**RECORDS FOR THIS TASK**
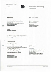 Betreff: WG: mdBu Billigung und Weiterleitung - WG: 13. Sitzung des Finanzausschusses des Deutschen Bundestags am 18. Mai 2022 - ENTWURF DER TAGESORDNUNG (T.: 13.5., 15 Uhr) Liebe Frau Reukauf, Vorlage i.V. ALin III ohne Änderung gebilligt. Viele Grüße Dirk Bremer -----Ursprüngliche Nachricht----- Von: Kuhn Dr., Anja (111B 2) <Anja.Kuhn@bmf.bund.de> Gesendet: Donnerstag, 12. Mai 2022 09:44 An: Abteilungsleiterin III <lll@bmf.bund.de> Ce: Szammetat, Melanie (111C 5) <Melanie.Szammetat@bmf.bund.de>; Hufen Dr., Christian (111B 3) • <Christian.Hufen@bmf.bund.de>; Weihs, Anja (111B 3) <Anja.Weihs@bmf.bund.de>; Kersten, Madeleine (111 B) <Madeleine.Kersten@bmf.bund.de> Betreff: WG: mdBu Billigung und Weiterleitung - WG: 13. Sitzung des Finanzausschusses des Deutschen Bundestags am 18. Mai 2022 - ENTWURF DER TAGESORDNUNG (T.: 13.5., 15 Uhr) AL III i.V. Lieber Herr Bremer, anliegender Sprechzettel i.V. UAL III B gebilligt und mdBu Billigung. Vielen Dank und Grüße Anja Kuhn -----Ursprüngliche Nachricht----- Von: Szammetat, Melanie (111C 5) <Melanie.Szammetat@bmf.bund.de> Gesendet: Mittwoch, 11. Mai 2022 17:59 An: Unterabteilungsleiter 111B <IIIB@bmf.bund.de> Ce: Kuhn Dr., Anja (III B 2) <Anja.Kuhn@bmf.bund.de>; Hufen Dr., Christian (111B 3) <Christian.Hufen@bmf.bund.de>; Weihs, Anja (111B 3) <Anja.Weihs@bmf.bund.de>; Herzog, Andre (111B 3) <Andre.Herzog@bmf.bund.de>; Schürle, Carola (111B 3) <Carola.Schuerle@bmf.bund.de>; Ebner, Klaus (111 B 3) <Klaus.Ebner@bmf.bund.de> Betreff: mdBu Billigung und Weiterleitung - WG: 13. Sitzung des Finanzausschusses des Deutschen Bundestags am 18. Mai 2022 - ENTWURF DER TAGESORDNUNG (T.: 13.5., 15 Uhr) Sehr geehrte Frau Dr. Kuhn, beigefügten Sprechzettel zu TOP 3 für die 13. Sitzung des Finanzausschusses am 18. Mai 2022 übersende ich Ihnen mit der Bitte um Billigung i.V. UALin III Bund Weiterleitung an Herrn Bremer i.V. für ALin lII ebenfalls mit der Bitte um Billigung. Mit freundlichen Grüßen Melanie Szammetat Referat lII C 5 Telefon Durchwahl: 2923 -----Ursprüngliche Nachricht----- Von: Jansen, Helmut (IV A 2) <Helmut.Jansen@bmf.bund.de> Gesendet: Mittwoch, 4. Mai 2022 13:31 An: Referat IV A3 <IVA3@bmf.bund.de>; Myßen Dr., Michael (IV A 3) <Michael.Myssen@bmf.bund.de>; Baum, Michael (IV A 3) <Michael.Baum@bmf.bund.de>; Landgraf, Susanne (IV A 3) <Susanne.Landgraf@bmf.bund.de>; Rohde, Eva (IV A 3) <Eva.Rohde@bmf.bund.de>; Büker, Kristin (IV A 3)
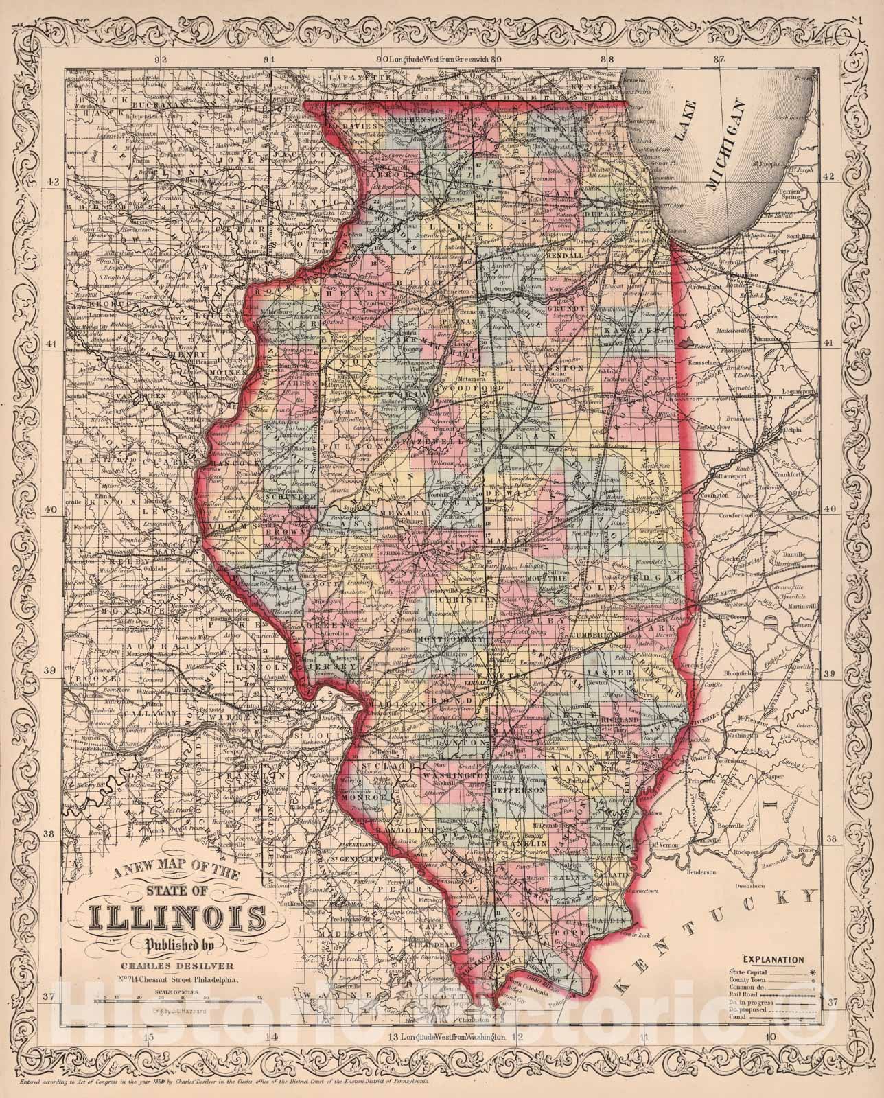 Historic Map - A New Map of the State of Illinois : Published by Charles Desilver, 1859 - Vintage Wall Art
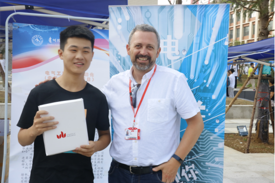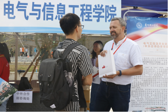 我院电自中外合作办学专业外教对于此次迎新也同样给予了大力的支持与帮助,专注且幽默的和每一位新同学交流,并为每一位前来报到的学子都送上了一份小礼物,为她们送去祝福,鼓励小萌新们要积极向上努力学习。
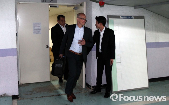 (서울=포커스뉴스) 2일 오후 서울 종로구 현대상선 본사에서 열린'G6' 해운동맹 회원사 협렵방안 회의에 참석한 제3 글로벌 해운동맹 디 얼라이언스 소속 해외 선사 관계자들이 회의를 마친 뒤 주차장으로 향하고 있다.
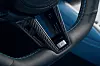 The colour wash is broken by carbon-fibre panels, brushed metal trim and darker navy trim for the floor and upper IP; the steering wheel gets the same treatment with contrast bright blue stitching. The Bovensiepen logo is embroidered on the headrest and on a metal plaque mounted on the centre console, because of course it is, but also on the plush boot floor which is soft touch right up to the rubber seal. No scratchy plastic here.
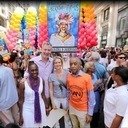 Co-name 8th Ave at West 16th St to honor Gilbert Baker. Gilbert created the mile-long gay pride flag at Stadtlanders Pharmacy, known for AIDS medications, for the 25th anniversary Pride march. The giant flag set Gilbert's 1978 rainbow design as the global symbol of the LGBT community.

**TASK DIRECTIONS**
What is needed here is an exact transcription of every record above, with images excluded.

**SOLUTION TO THE PROBLEM**
 Betreff: WG: mdBu Billigung und Weiterleitung - WG: 13. Sitzung des Finanzausschusses des Deutschen Bundestags am 18. Mai 2022 - ENTWURF DER TAGESORDNUNG (T.: 13.5., 15 Uhr) Liebe Frau Reukauf, Vorlage i.V. ALin III ohne Änderung gebilligt. Viele Grüße Dirk Bremer -----Ursprüngliche Nachricht----- Von: Kuhn Dr., Anja (111B 2) <Anja.Kuhn@bmf.bund.de> Gesendet: Donnerstag, 12. Mai 2022 09:44 An: Abteilungsleiterin III <lll@bmf.bund.de> Ce: Szammetat, Melanie (111C 5) <Melanie.Szammetat@bmf.bund.de>; Hufen Dr., Christian (111B 3) • <Christian.Hufen@bmf.bund.de>; Weihs, Anja (111B 3) <Anja.Weihs@bmf.bund.de>; Kersten, Madeleine (111 B) <Madeleine.Kersten@bmf.bund.de> Betreff: WG: mdBu Billigung und Weiterleitung - WG: 13. Sitzung des Finanzausschusses des Deutschen Bundestags am 18. Mai 2022 - ENTWURF DER TAGESORDNUNG (T.: 13.5., 15 Uhr) AL III i.V. Lieber Herr Bremer, anliegender Sprechzettel i.V. UAL III B gebilligt und mdBu Billigung. Vielen Dank und Grüße Anja Kuhn -----Ursprüngliche Nachricht----- Von: Szammetat, Melanie (111C 5) <Melanie.Szammetat@bmf.bund.de> Gesendet: Mittwoch, 11. Mai 2022 17:59 An: Unterabteilungsleiter 111B <IIIB@bmf.bund.de> Ce: Kuhn Dr., Anja (III B 2) <Anja.Kuhn@bmf.bund.de>; Hufen Dr., Christian (111B 3) <Christian.Hufen@bmf.bund.de>; Weihs, Anja (111B 3) <Anja.Weihs@bmf.bund.de>; Herzog, Andre (111B 3) <Andre.Herzog@bmf.bund.de>; Schürle, Carola (111B 3) <Carola.Schuerle@bmf.bund.de>; Ebner, Klaus (111 B 3) <Klaus.Ebner@bmf.bund.de> Betreff: mdBu Billigung und Weiterleitung - WG: 13. Sitzung des Finanzausschusses des Deutschen Bundestags am 18. Mai 2022 - ENTWURF DER TAGESORDNUNG (T.: 13.5., 15 Uhr) Sehr geehrte Frau Dr. Kuhn, beigefügten Sprechzettel zu TOP 3 für die 13. Sitzung des Finanzausschusses am 18. Mai 2022 übersende ich Ihnen mit der Bitte um Billigung i.V. UALin III Bund Weiterleitung an Herrn Bremer i.V. für ALin lII ebenfalls mit der Bitte um Billigung. Mit freundlichen Grüßen Melanie Szammetat Referat lII C 5 Telefon Durchwahl: 2923 -----Ursprüngliche Nachricht----- Von: Jansen, Helmut (IV A 2) <Helmut.Jansen@bmf.bund.de> Gesendet: Mittwoch, 4. Mai 2022 13:31 An: Referat IV A3 <IVA3@bmf.bund.de>; Myßen Dr., Michael (IV A 3) <Michael.Myssen@bmf.bund.de>; Baum, Michael (IV A 3) <Michael.Baum@bmf.bund.de>; Landgraf, Susanne (IV A 3) <Susanne.Landgraf@bmf.bund.de>; Rohde, Eva (IV A 3) <Eva.Rohde@bmf.bund.de>; Büker, Kristin (IV A 3)
 Historic Map - A New Map of the State of Illinois : Published by Charles Desilver, 1859 - Vintage Wall Art
 我院电自中外合作办学专业外教对于此次迎新也同样给予了大力的支持与帮助,专注且幽默的和每一位新同学交流,并为每一位前来报到的学子都送上了一份小礼物,为她们送去祝福,鼓励小萌新们要积极向上努力学习。
 (서울=포커스뉴스) 2일 오후 서울 종로구 현대상선 본사에서 열린'G6' 해운동맹 회원사 협렵방안 회의에 참석한 제3 글로벌 해운동맹 디 얼라이언스 소속 해외 선사 관계자들이 회의를 마친 뒤 주차장으로 향하고 있다.
 The colour wash is broken by carbon-fibre panels, brushed metal trim and darker navy trim for the floor and upper IP; the steering wheel gets the same treatment with contrast bright blue stitching. The Bovensiepen logo is embroidered on the headrest and on a metal plaque mounted on the centre console, because of course it is, but also on the plush boot floor which is soft touch right up to the rubber seal. No scratchy plastic here.
 Co-name 8th Ave at West 16th St to honor Gilbert Baker. Gilbert created the mile-long gay pride flag at Stadtlanders Pharmacy, known for AIDS medications, for the 25th anniversary Pride march. The giant flag set Gilbert's 1978 rainbow design as the global symbol of the LGBT community.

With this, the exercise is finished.